PROBLEM TO SOLVE: Starting with the line with "кружевные, цвет бензиновый" in the entries below and going on through the line with "Ring med sten, Ø", output every line exactly and nothing more. No pictures.

PROVIDED ENTRIES:

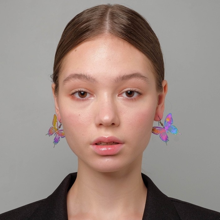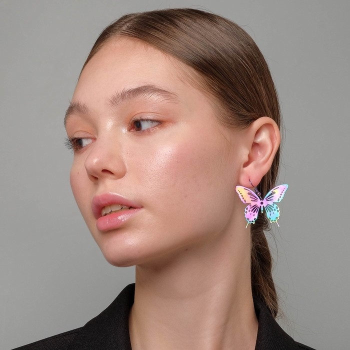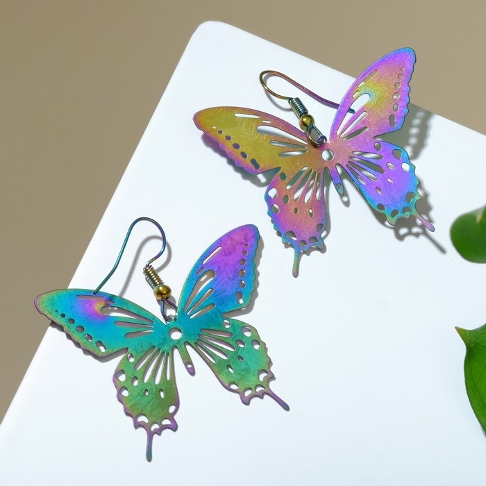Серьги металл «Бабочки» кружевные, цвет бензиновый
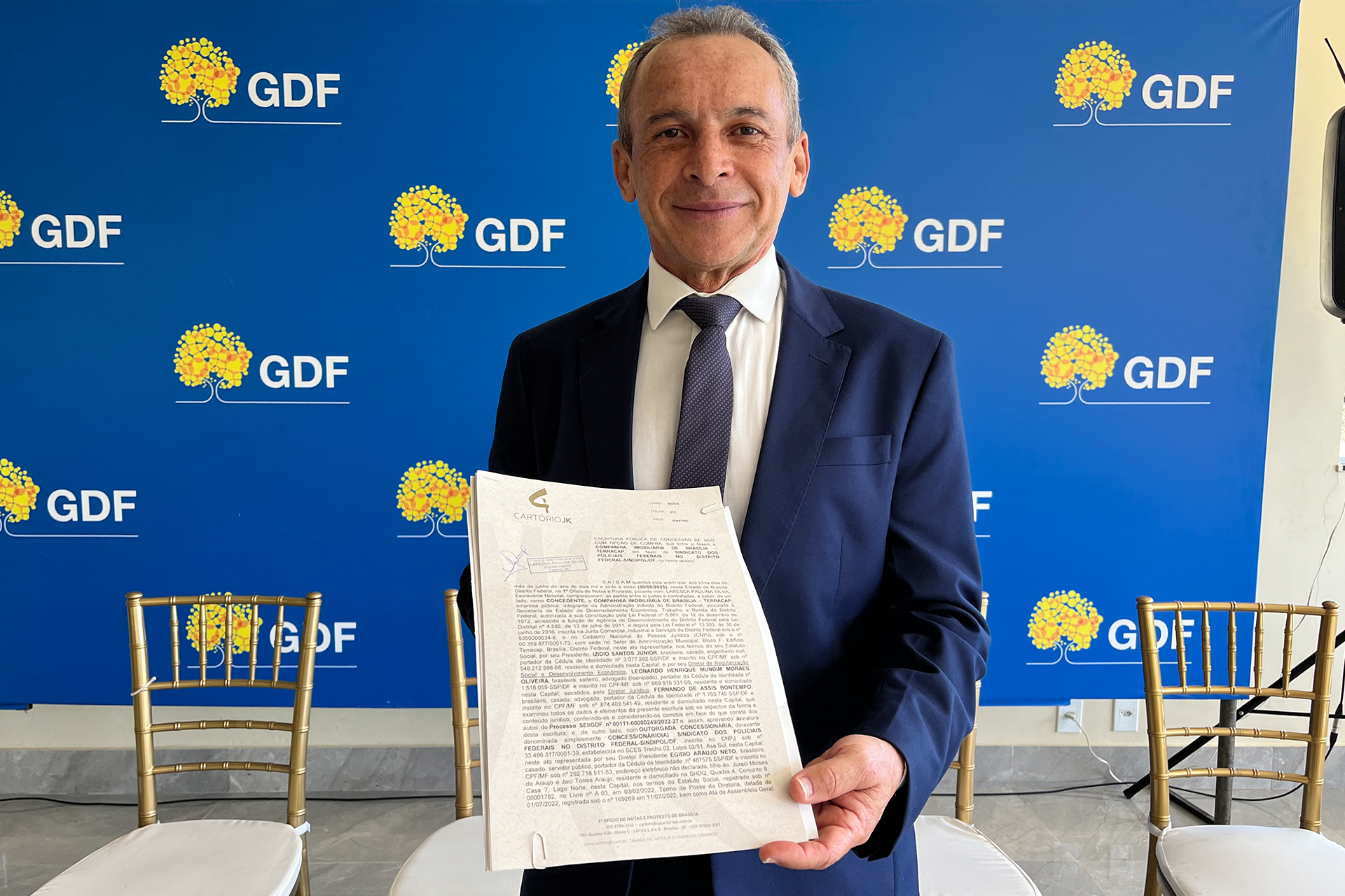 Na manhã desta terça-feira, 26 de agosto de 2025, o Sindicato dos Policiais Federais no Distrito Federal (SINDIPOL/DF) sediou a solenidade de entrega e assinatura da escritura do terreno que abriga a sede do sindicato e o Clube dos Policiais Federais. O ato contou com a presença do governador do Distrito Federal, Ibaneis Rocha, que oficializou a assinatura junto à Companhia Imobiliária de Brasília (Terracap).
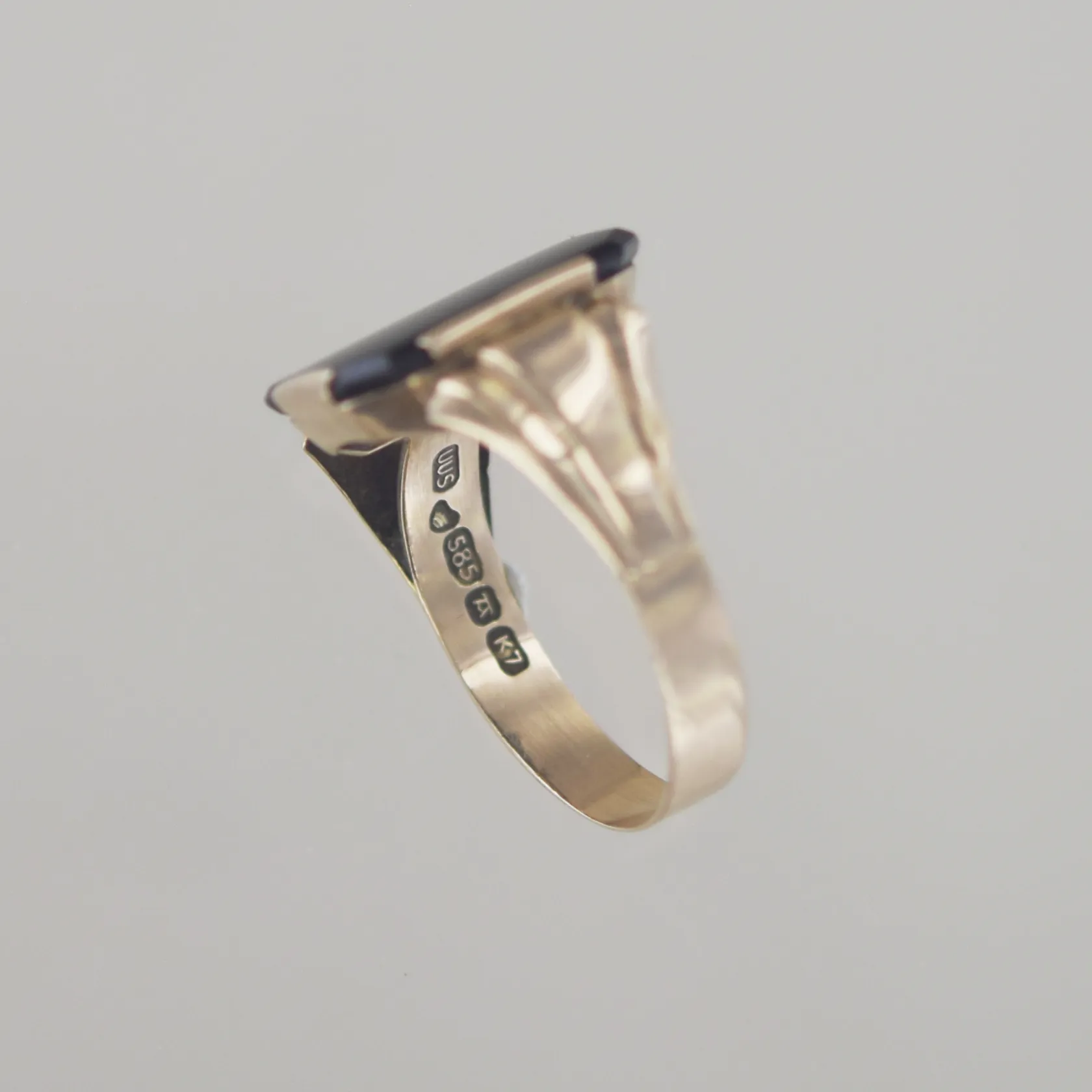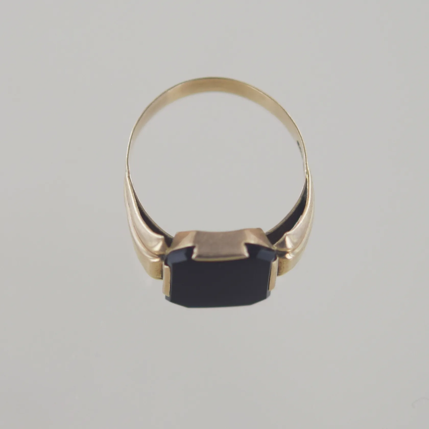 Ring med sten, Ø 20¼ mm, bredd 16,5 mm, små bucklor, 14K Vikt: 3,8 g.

--

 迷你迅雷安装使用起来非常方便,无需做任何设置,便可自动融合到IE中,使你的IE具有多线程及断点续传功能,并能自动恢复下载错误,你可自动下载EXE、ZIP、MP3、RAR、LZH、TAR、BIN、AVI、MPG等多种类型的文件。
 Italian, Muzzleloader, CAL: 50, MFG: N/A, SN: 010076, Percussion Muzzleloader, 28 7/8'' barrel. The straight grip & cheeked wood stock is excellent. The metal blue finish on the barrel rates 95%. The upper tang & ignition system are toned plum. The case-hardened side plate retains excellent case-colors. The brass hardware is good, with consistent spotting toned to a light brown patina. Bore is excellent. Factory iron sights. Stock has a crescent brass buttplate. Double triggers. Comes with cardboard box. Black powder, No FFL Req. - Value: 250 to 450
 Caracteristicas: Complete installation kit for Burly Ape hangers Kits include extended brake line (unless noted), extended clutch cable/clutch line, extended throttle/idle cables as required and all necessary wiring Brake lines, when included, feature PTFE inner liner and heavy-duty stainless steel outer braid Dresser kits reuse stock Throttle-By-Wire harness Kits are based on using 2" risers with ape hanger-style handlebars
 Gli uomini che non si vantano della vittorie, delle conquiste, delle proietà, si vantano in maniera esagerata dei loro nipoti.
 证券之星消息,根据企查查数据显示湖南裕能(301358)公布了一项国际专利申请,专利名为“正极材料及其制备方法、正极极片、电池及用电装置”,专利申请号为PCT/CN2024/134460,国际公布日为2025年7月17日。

---

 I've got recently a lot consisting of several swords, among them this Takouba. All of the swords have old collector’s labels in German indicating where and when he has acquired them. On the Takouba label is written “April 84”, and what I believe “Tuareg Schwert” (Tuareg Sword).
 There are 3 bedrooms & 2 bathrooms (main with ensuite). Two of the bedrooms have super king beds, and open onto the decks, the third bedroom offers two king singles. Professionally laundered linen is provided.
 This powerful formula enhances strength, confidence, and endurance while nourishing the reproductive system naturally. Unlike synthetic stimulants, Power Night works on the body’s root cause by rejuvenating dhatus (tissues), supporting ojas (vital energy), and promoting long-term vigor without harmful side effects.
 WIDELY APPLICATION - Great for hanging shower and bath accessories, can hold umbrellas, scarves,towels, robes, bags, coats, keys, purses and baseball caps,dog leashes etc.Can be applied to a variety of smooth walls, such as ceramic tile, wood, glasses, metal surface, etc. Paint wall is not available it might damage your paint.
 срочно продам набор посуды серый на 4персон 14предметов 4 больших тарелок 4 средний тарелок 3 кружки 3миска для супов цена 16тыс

RESPONSE BOX:
Серьги металл «Бабочки» кружевные, цвет бензиновый
 Na manhã desta terça-feira, 26 de agosto de 2025, o Sindicato dos Policiais Federais no Distrito Federal (SINDIPOL/DF) sediou a solenidade de entrega e assinatura da escritura do terreno que abriga a sede do sindicato e o Clube dos Policiais Federais. O ato contou com a presença do governador do Distrito Federal, Ibaneis Rocha, que oficializou a assinatura junto à Companhia Imobiliária de Brasília (Terracap).
 Ring med sten, Ø 20¼ mm, bredd 16,5 mm, små bucklor, 14K Vikt: 3,8 g.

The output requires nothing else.